# PROBLEM DESCRIPTION:
Records follow. Print exactly the lines from the one that has "Assortment Details: Jot™" through the one that has "Este divertido, colorido", inclusive, and omit the pictures.

# MATERIAL FOR THIS TASK:
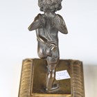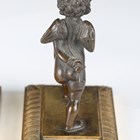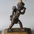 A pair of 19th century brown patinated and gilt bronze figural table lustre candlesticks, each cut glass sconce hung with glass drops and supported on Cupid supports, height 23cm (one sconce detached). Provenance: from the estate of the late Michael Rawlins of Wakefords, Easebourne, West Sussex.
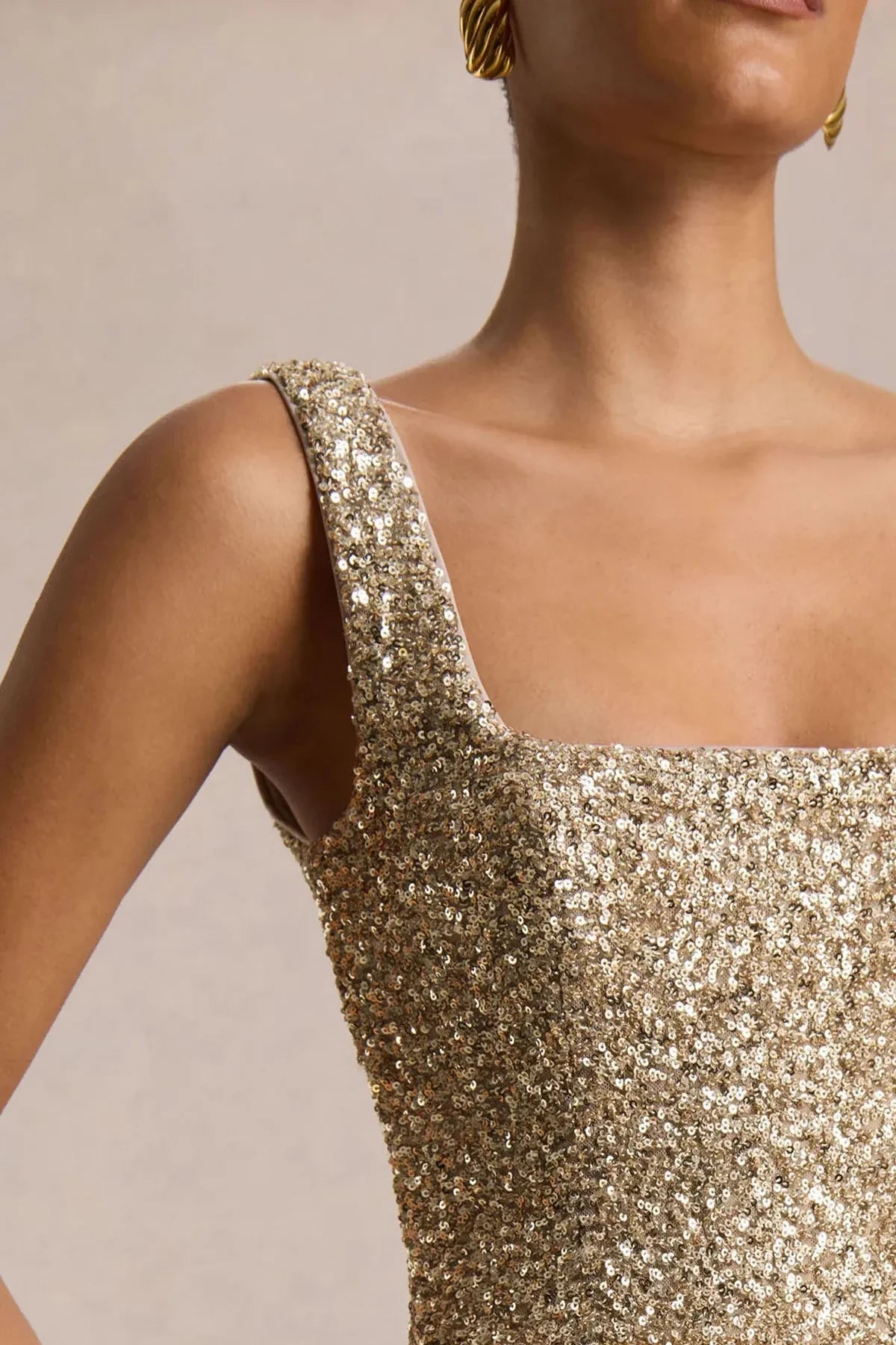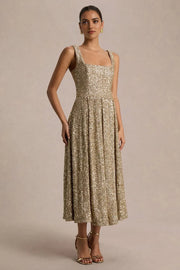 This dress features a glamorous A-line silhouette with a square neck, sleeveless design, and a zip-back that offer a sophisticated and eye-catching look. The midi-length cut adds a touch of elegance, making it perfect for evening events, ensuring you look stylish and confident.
==
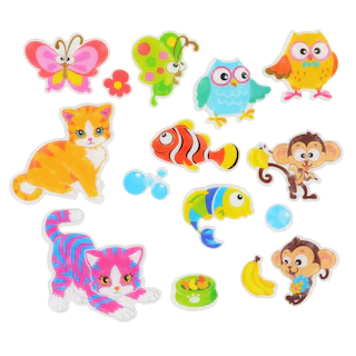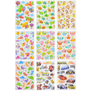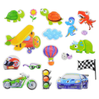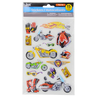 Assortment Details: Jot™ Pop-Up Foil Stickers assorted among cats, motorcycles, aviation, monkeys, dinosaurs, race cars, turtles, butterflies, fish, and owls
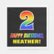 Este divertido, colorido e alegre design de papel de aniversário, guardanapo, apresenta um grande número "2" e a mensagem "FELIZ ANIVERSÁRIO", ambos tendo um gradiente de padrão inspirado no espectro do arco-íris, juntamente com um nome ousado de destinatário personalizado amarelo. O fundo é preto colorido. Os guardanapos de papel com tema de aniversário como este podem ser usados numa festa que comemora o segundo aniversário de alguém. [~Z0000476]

# ANSWER SPACE:
 Assortment Details: Jot™ Pop-Up Foil Stickers assorted among cats, motorcycles, aviation, monkeys, dinosaurs, race cars, turtles, butterflies, fish, and owls
 Este divertido, colorido e alegre design de papel de aniversário, guardanapo, apresenta um grande número "2" e a mensagem "FELIZ ANIVERSÁRIO", ambos tendo um gradiente de padrão inspirado no espectro do arco-íris, juntamente com um nome ousado de destinatário personalizado amarelo. O fundo é preto colorido. Os guardanapos de papel com tema de aniversário como este podem ser usados numa festa que comemora o segundo aniversário de alguém. [~Z0000476]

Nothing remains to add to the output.